§ Entries taken from a collection
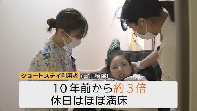県内では医療的ケア児を受け入れられる施設は限られており、利用者は増加。友花さんが利用している国立病院機構 富山病院では10年前の約3倍となり、休日はほぼ満床です。
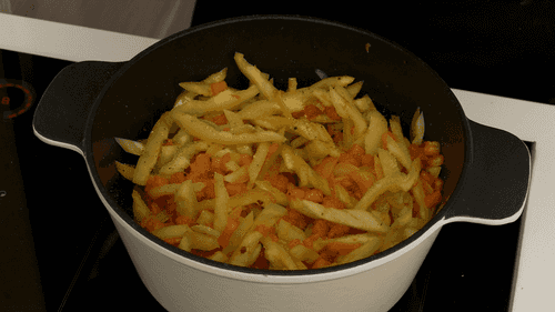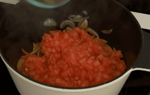 Добавить паприку, перемешать и сразу же добавить измельченные помидоры.
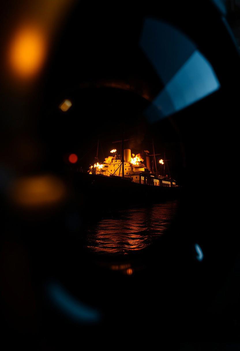 Fantastic visualization. Side view of the surface of an expensive lenses of a periscope sinking burning large merchant ship from ww2 era visible in it's reflections. Side view. Fantastic visualization. Lenses cover the entire frame. A masterpiece. Night. Extremely detailed.
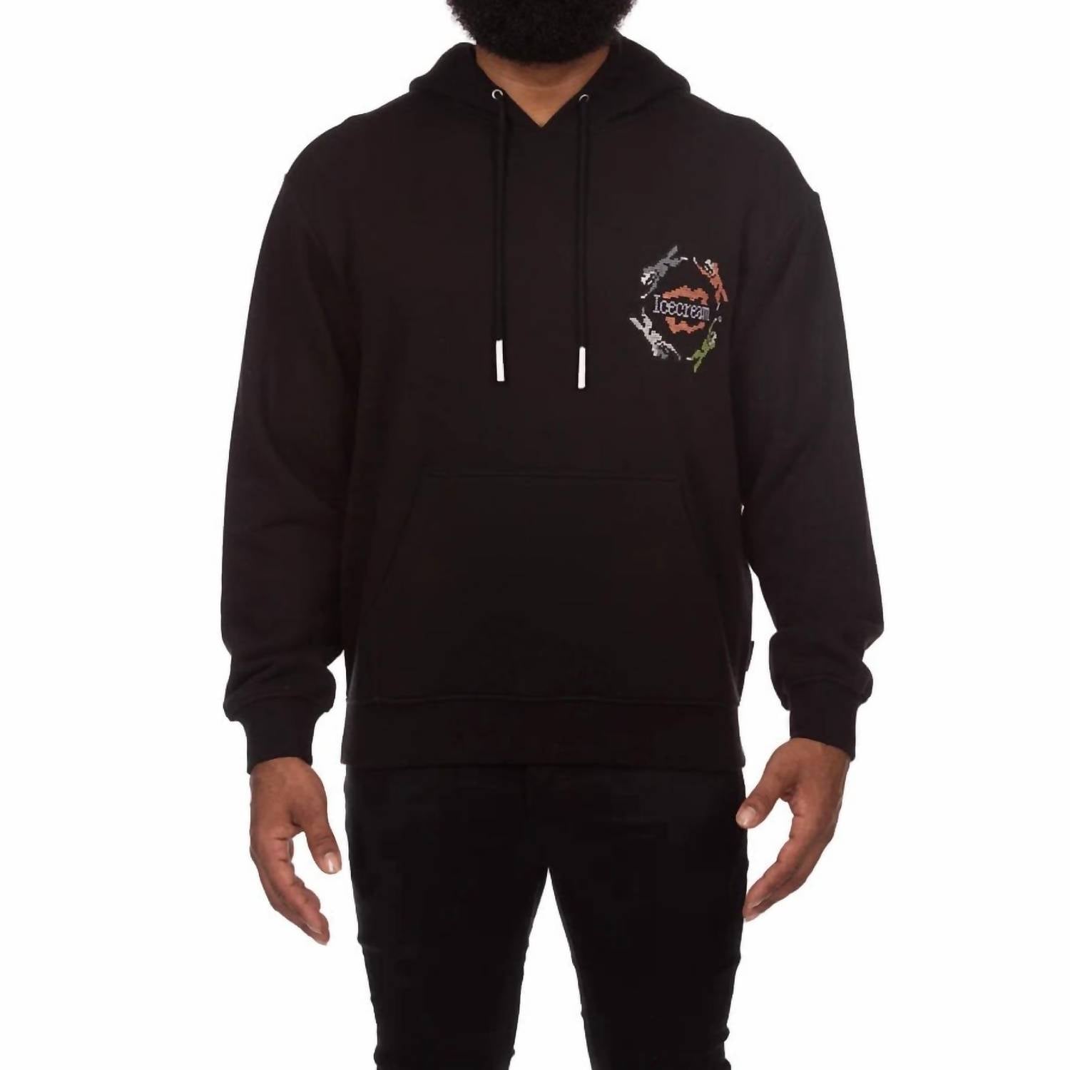 Meet the IceCream Dippin Dots Hoodie in the striking color of Quarry, perfect for making a bold statement. This long sleeve hoodie, made from 100% high-quality cotton, features the iconic embroidered Running Dogs graphic on both the front and back. It also offers functional design elements, such as a drawstring hood and a standard front pocket for added convenience. Closure: Pull on. Care: Hand wash cold separately inside out, line dry, and avoid ironing directly on the design.
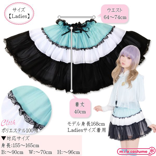 仕様:対応サイズ:身長155〜165cm・B〜90cm・W〜70cm 実寸:W64〜74cm・着丈40cm セット内容:パニエ単品(ウエストゴム) 素材:ポリエステル100% モデル身長168cm
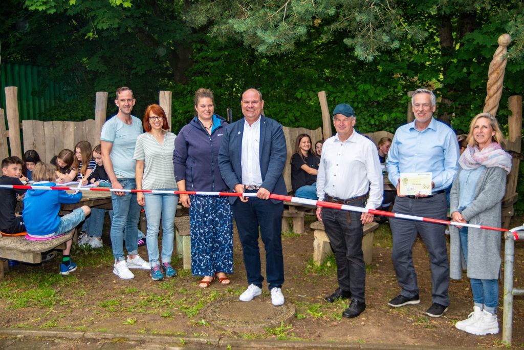 An der GAZ konnte dieser Tage ein weiteres „grünes Klassenzimmer“ eingeweiht werden. Für den kleinen Festakt war der Erste Kreisbeigeordnete und Schuldezernent Oliver Grobeis nach Reichelsheim gekommen, um symbolisch das Eröffnungsband zu durchtrennen und sich bei den verantwortlichen Lehrkräften zu bedanken.
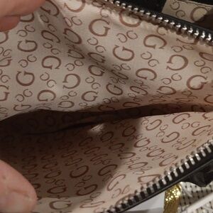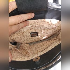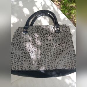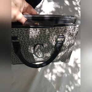 Stylish handbag featuring a distinctive G-logo pattern. Perfect for any occasion, this black and gray bag adds a touch of elegance to your outfit.
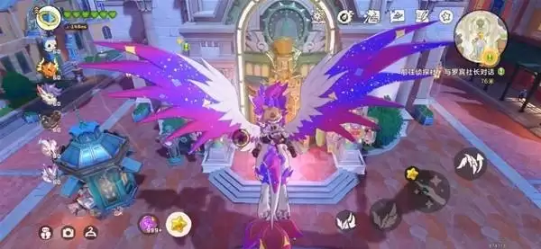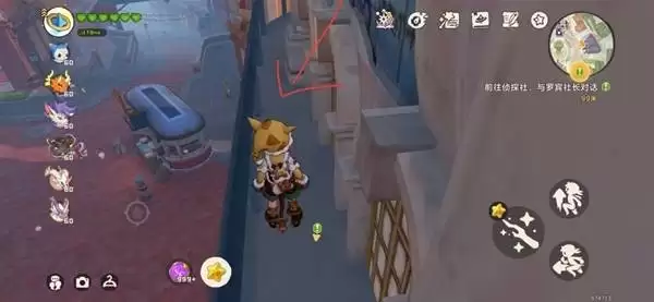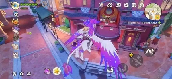 《洛克王国:世界》极品美味仓库位置全攻略 领取任务后,我们需要根据地图上标记的红色箭头指示,从当前位置出发。首先,离开任务起始点,按照方向指引前行。 走出初始区域后,请继续跟随红色箭头的轨迹飞行,不要停留,确保方向准确。 向前飞行至一处带有屋檐的建筑附近,这里是一个重要的路线转折点——请务必在此处向
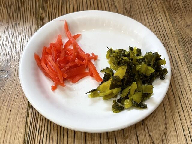 消毒液は入口入ってすぐと各席、奥のコーナーに配備。お冷と辛子高菜、紅しょうがを奥のセルフコーナーからゲットしてスタンバイ。
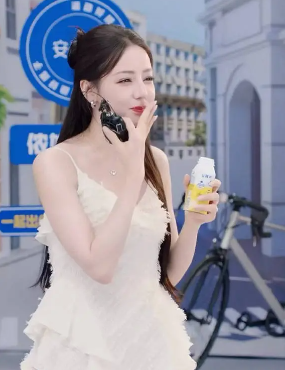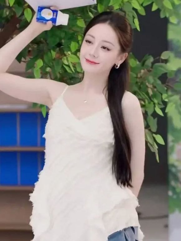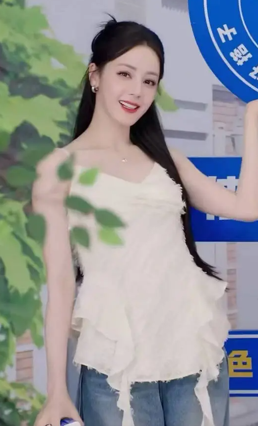 热巴白吊带配牛仔裤,黑长直女神范十足
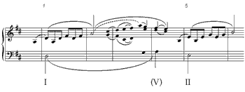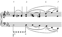 Example 5 presents the tonal structure of the opening theme. In the descending
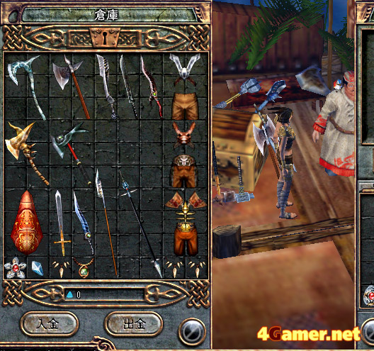 | お金を貯めて,やっと倉庫が使えるように。アカウントごとに一つ利用できるので,キャラクター間のアイテム移動もスムース |
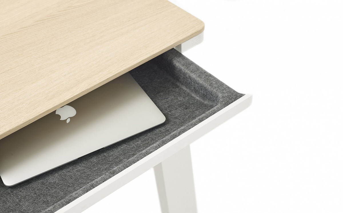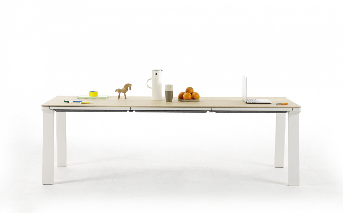 Tables in particular have to be multi-talented; they not only have to be a traditional kitchen table but a desk, work bench, meeting place and dining table as well… and some¬times all at the same time. The Drawer table is one of those all-rounders.
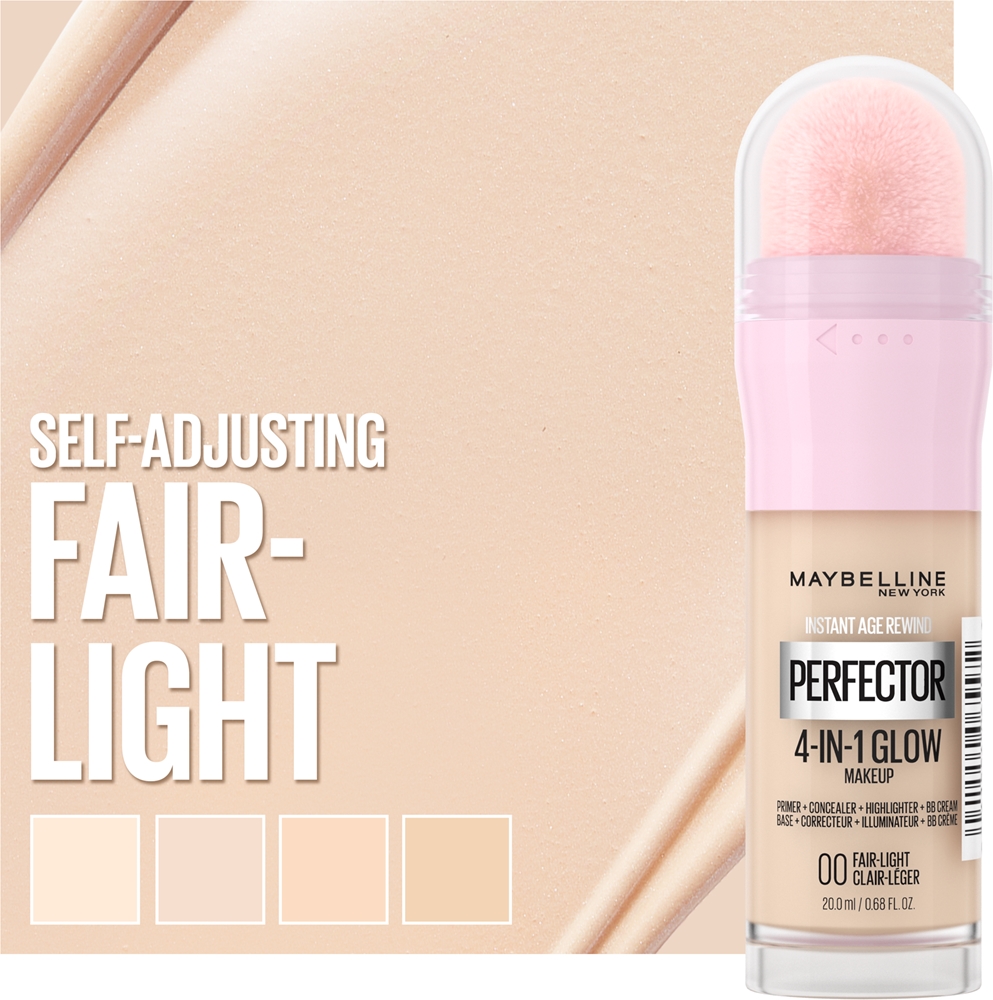 Четыре продукта в одном, чтобы быстро и безупречно выполнить макияж. Разглаживающая тональная основа, придающая лицу естественный вид Maybelline Instant Age Rewind Perfector 4-in-1 Glow объединяет в себе базу под макияж, корректор, BB-крем и пудру. Она разглаживает кожу, скрывает недостатки, выравнивает тон и придает сияние. Легкая текстура идеально сливается с кожей, делая ее естественной, и в то же время держится весь день.
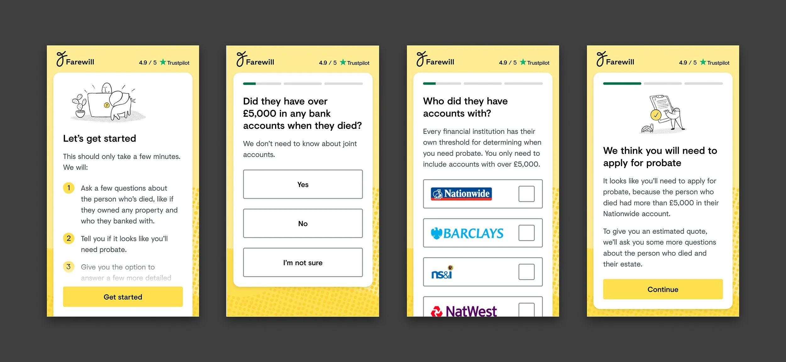 As funerals and probate are at-need services, Farewill’s main way of acquiring customers is through PPC landing pages targeting people searching online. As Design Lead, I worked with product teams to create landing pages tailored to different search terms and to AB test messaging and CTAs .
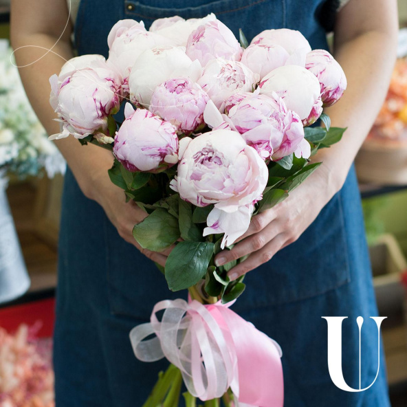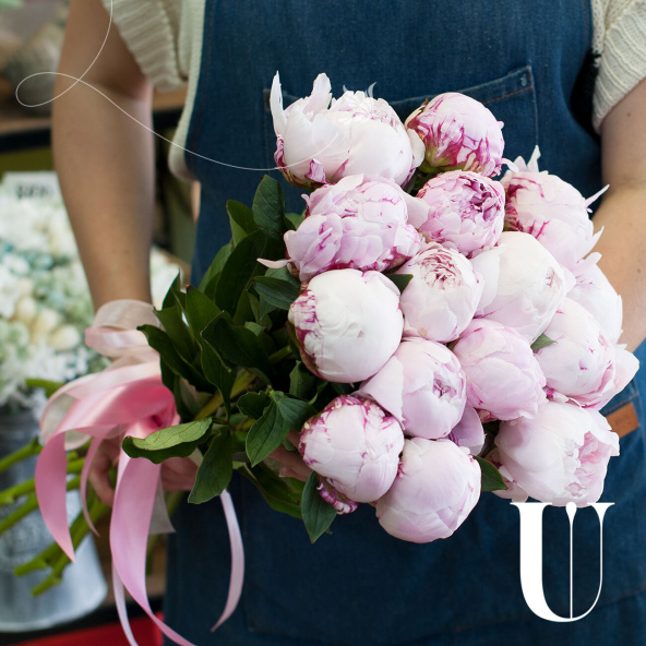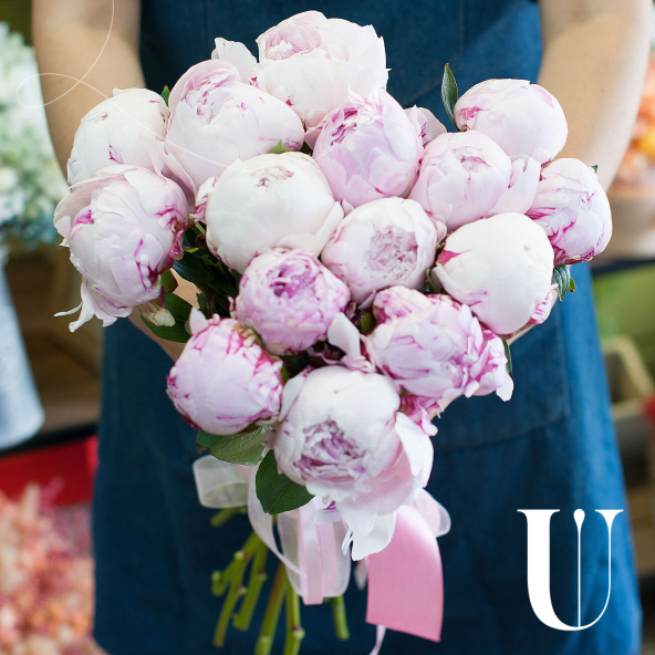Монобукет из 15 розовых пионов сорта Сара Бернар
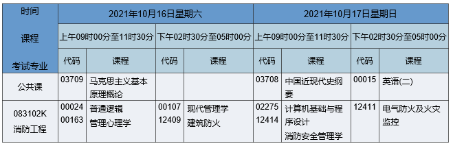 2021年10月湖南自考本科消防工程专业考试时间为2021年10月16日-17日,2021年10月湖南自考本科消防工程专业课程安排如下:
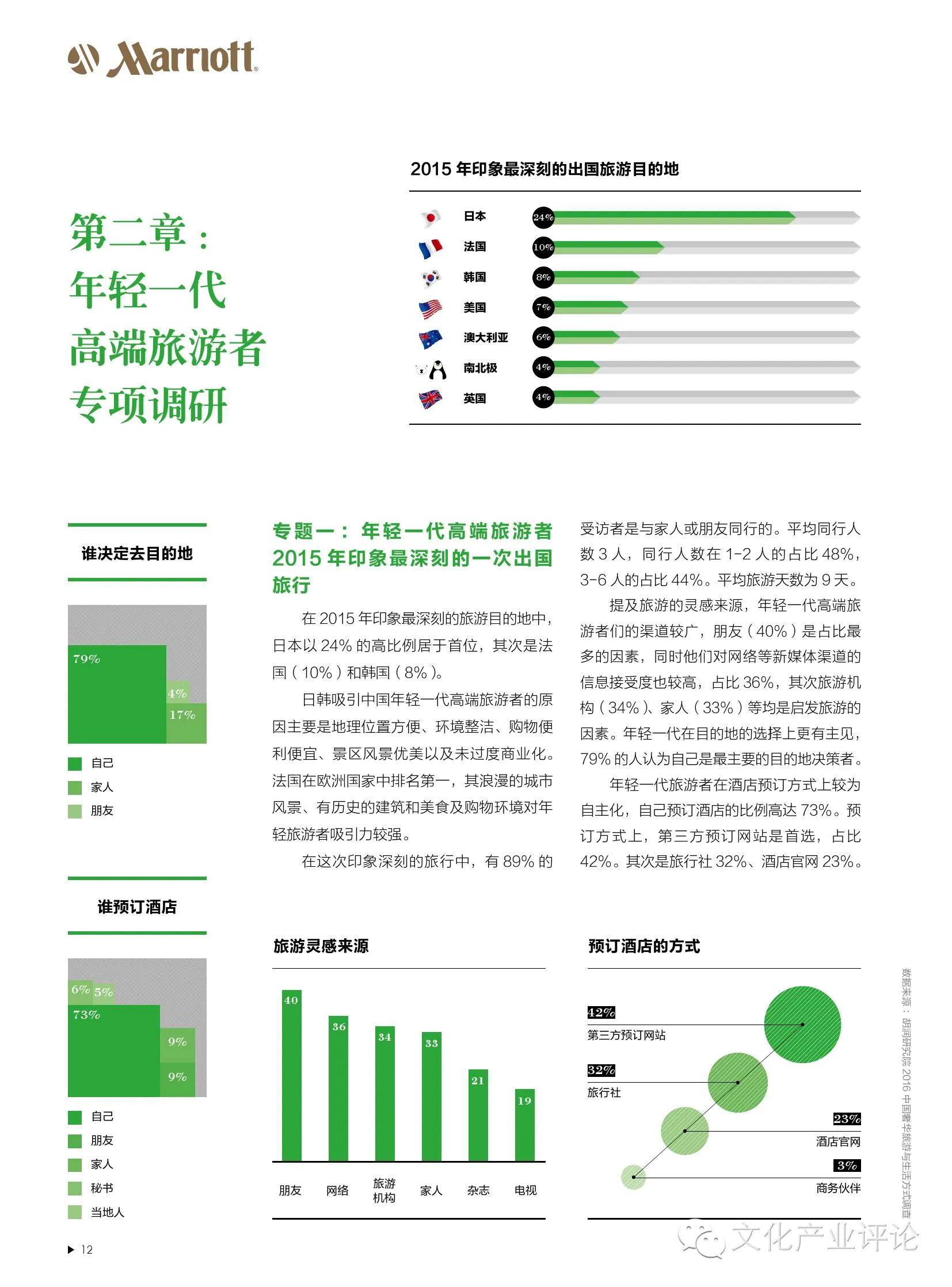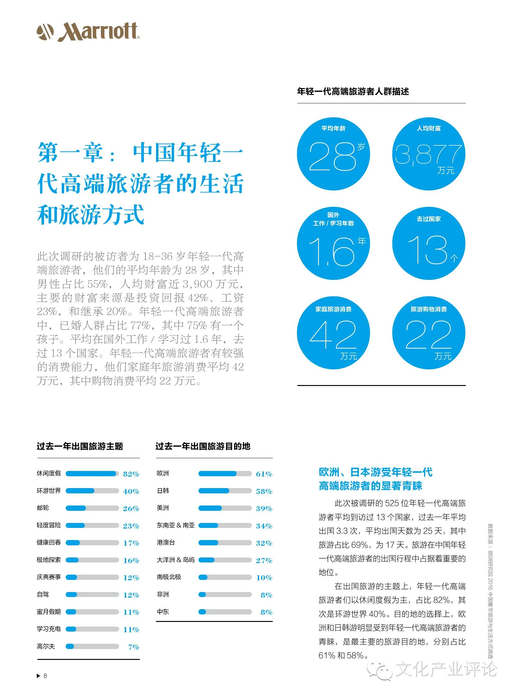 研究发现,年轻一代高端旅游者每三或四个月会选择出国,主要是为了休闲娱乐。相比他们的上一代,80后年轻一代高端旅游者更喜欢酒店的电子化互动式服务,青睐高科技数字化设备。热衷主题性旅游,喜欢3-4人的小团队出行。未来三年选择更远的旅游目的地如美洲、大洋洲&岛屿、非洲、中东和南北极的比例将大幅上升,选择更具新意和挑战性的旅游主题的比例也将明显上升。微信公众号、微信朋友圈分享已经成为他们最主要的旅游信息来源。
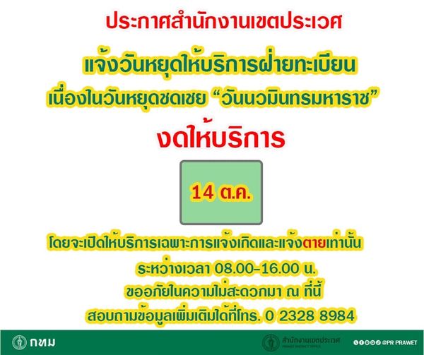 สำนักงานเขตประเวศ แจ้งงดบริการ วันที่ 14 ตุลาคม 2567 เนื่องจากเป็นวันหยุดราชการ วันหยุดชดเชยวันนวมินทรมหาราช ฝ่ายทะเบียนจะเปิดให้บริการงานทะเบียนราษฎรและงานบัตรประจำตัวประชาชน วันอังคารที่ 15 ตุลาคม 2567 เวลา 08.00-16.00 น. เป็นต้นไป สอบถามรายละเอียดเพิ่มเติมได้ที่ ฝ่ายทะเบียน สำนักงานเขตประเวศ หมายเลขโทรศัพท์ 0-2328-8984
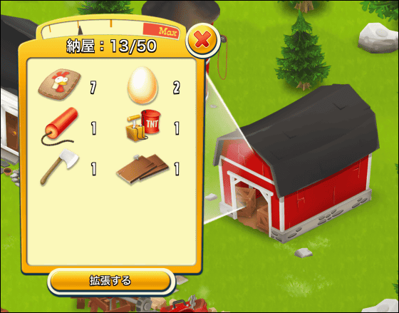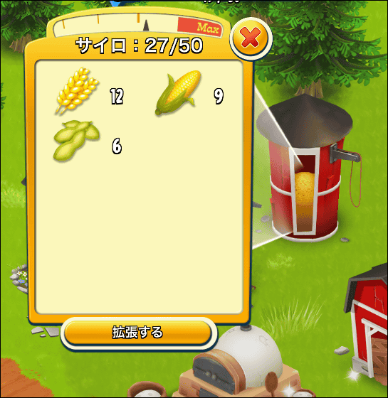 また、収穫した農作物はサイロに保管されていきます。ゲーム開始時の保管限度数は「50」に設定されていますが、保管限度数に達した場合にはダイヤを使って拡張が可能。

§ Task details
Restate every record above word for word, without images.

§ Exercise output
県内では医療的ケア児を受け入れられる施設は限られており、利用者は増加。友花さんが利用している国立病院機構 富山病院では10年前の約3倍となり、休日はほぼ満床です。
 Добавить паприку, перемешать и сразу же добавить измельченные помидоры.
 Fantastic visualization. Side view of the surface of an expensive lenses of a periscope sinking burning large merchant ship from ww2 era visible in it's reflections. Side view. Fantastic visualization. Lenses cover the entire frame. A masterpiece. Night. Extremely detailed.
 Meet the IceCream Dippin Dots Hoodie in the striking color of Quarry, perfect for making a bold statement. This long sleeve hoodie, made from 100% high-quality cotton, features the iconic embroidered Running Dogs graphic on both the front and back. It also offers functional design elements, such as a drawstring hood and a standard front pocket for added convenience. Closure: Pull on. Care: Hand wash cold separately inside out, line dry, and avoid ironing directly on the design.
 仕様:対応サイズ:身長155〜165cm・B〜90cm・W〜70cm 実寸:W64〜74cm・着丈40cm セット内容:パニエ単品(ウエストゴム) 素材:ポリエステル100% モデル身長168cm
 An der GAZ konnte dieser Tage ein weiteres „grünes Klassenzimmer“ eingeweiht werden. Für den kleinen Festakt war der Erste Kreisbeigeordnete und Schuldezernent Oliver Grobeis nach Reichelsheim gekommen, um symbolisch das Eröffnungsband zu durchtrennen und sich bei den verantwortlichen Lehrkräften zu bedanken.
 Stylish handbag featuring a distinctive G-logo pattern. Perfect for any occasion, this black and gray bag adds a touch of elegance to your outfit.
 《洛克王国:世界》极品美味仓库位置全攻略 领取任务后,我们需要根据地图上标记的红色箭头指示,从当前位置出发。首先,离开任务起始点,按照方向指引前行。 走出初始区域后,请继续跟随红色箭头的轨迹飞行,不要停留,确保方向准确。 向前飞行至一处带有屋檐的建筑附近,这里是一个重要的路线转折点——请务必在此处向
 消毒液は入口入ってすぐと各席、奥のコーナーに配備。お冷と辛子高菜、紅しょうがを奥のセルフコーナーからゲットしてスタンバイ。
 热巴白吊带配牛仔裤,黑长直女神范十足
 Example 5 presents the tonal structure of the opening theme. In the descending
 | お金を貯めて,やっと倉庫が使えるように。アカウントごとに一つ利用できるので,キャラクター間のアイテム移動もスムース |
 Tables in particular have to be multi-talented; they not only have to be a traditional kitchen table but a desk, work bench, meeting place and dining table as well… and some¬times all at the same time. The Drawer table is one of those all-rounders.
 Четыре продукта в одном, чтобы быстро и безупречно выполнить макияж. Разглаживающая тональная основа, придающая лицу естественный вид Maybelline Instant Age Rewind Perfector 4-in-1 Glow объединяет в себе базу под макияж, корректор, BB-крем и пудру. Она разглаживает кожу, скрывает недостатки, выравнивает тон и придает сияние. Легкая текстура идеально сливается с кожей, делая ее естественной, и в то же время держится весь день.
 As funerals and probate are at-need services, Farewill’s main way of acquiring customers is through PPC landing pages targeting people searching online. As Design Lead, I worked with product teams to create landing pages tailored to different search terms and to AB test messaging and CTAs .
Монобукет из 15 розовых пионов сорта Сара Бернар
 2021年10月湖南自考本科消防工程专业考试时间为2021年10月16日-17日,2021年10月湖南自考本科消防工程专业课程安排如下:
 研究发现,年轻一代高端旅游者每三或四个月会选择出国,主要是为了休闲娱乐。相比他们的上一代,80后年轻一代高端旅游者更喜欢酒店的电子化互动式服务,青睐高科技数字化设备。热衷主题性旅游,喜欢3-4人的小团队出行。未来三年选择更远的旅游目的地如美洲、大洋洲&岛屿、非洲、中东和南北极的比例将大幅上升,选择更具新意和挑战性的旅游主题的比例也将明显上升。微信公众号、微信朋友圈分享已经成为他们最主要的旅游信息来源。
 สำนักงานเขตประเวศ แจ้งงดบริการ วันที่ 14 ตุลาคม 2567 เนื่องจากเป็นวันหยุดราชการ วันหยุดชดเชยวันนวมินทรมหาราช ฝ่ายทะเบียนจะเปิดให้บริการงานทะเบียนราษฎรและงานบัตรประจำตัวประชาชน วันอังคารที่ 15 ตุลาคม 2567 เวลา 08.00-16.00 น. เป็นต้นไป สอบถามรายละเอียดเพิ่มเติมได้ที่ ฝ่ายทะเบียน สำนักงานเขตประเวศ หมายเลขโทรศัพท์ 0-2328-8984
 また、収穫した農作物はサイロに保管されていきます。ゲーム開始時の保管限度数は「50」に設定されていますが、保管限度数に達した場合にはダイヤを使って拡張が可能。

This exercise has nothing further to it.